#### Prompt
Make an exact copy of the records below, leaving every image out.

#### Provided data
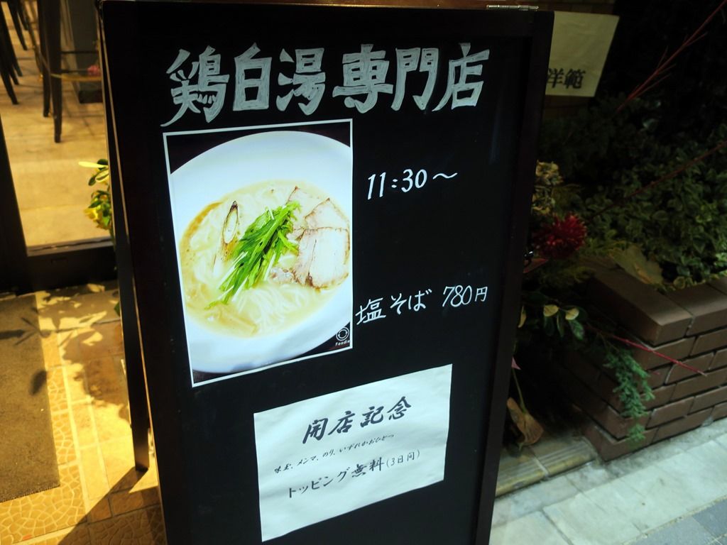 券売機の前に立つと、本日まで塩そばのみの提供。オープン記念として、味玉、メンマ、海苔、いずれか一品サービスのアナウンスがあります。
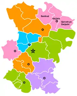 Qorveh-e Darjazin County (Persian: شهرستان قروه درجزین) is in Hamadan province, Iran. The capital of the county is the city of Qorveh-e Darjazin. At the 2006 census, the region's population (as Qorveh-e Darjazin District of Razan County) was 39,852 in 9,842 households.[1] The following census in 2011 counted 40,253 people in 11,558 households.[2] At the 2016 census, the district's population was 36,999 in 11,626 households.[3] It was separated from Razan County in 2019 to form Qorveh-e Darjazin County.[4]
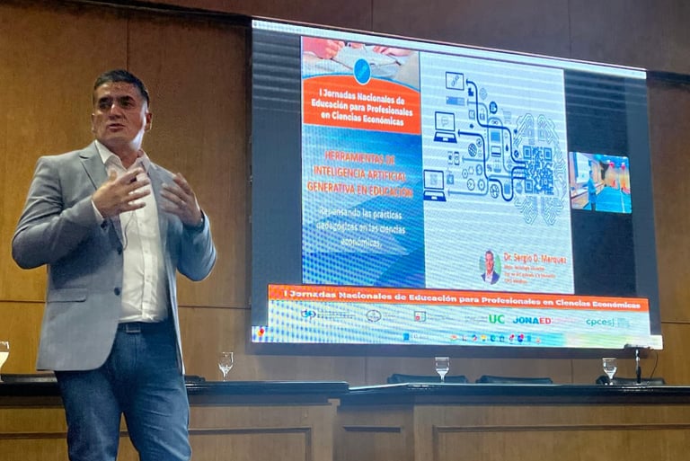 En el marco de las I Jornadas Nacionales de Educación para Profesionales en Ciencias Económicas, diserte en el Consejo Profesional de Ciencias Económicas de San Juan. Mi presentación se centró en un tema importante para el futuro de nuestra profesión: la Inteligencia Artificial (IA) Generativa y su aplicación en el ámbito educativo.
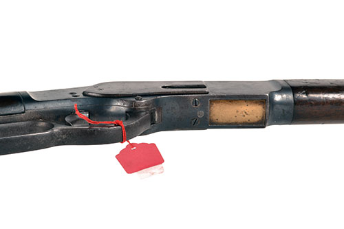 believed to be a Belgian contract copy identical in all respects to the Winchester 1873 Musket, with 30in. barrel, the top marked forwards of rear-sight 'HENRY WINCHESTER MOD 1873 RIFLE', block and blade fore-sight, elevating ladder rear-sight, plain receiver with dust-cover sliding on internal rails with chequered thumb-piece, un-marked top-tang, walnut butt-stock with 'carbine' style heel-plate, centrally mounted sliding trapdoor, three-quarter length walnut fore-end, three iron barrel-bands and under-barrel magazine, the whole retaining a good amount of original finish
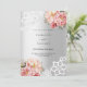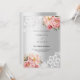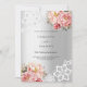 For an elegant and romantic 25th wedding anniversary. A faux silver looking background decorated with pink florals, roses and white lace. Personalise and add your names and details.

#### Answer section
 券売機の前に立つと、本日まで塩そばのみの提供。オープン記念として、味玉、メンマ、海苔、いずれか一品サービスのアナウンスがあります。
 Qorveh-e Darjazin County (Persian: شهرستان قروه درجزین) is in Hamadan province, Iran. The capital of the county is the city of Qorveh-e Darjazin. At the 2006 census, the region's population (as Qorveh-e Darjazin District of Razan County) was 39,852 in 9,842 households.[1] The following census in 2011 counted 40,253 people in 11,558 households.[2] At the 2016 census, the district's population was 36,999 in 11,626 households.[3] It was separated from Razan County in 2019 to form Qorveh-e Darjazin County.[4]
 En el marco de las I Jornadas Nacionales de Educación para Profesionales en Ciencias Económicas, diserte en el Consejo Profesional de Ciencias Económicas de San Juan. Mi presentación se centró en un tema importante para el futuro de nuestra profesión: la Inteligencia Artificial (IA) Generativa y su aplicación en el ámbito educativo.
 believed to be a Belgian contract copy identical in all respects to the Winchester 1873 Musket, with 30in. barrel, the top marked forwards of rear-sight 'HENRY WINCHESTER MOD 1873 RIFLE', block and blade fore-sight, elevating ladder rear-sight, plain receiver with dust-cover sliding on internal rails with chequered thumb-piece, un-marked top-tang, walnut butt-stock with 'carbine' style heel-plate, centrally mounted sliding trapdoor, three-quarter length walnut fore-end, three iron barrel-bands and under-barrel magazine, the whole retaining a good amount of original finish
 For an elegant and romantic 25th wedding anniversary. A faux silver looking background decorated with pink florals, roses and white lace. Personalise and add your names and details.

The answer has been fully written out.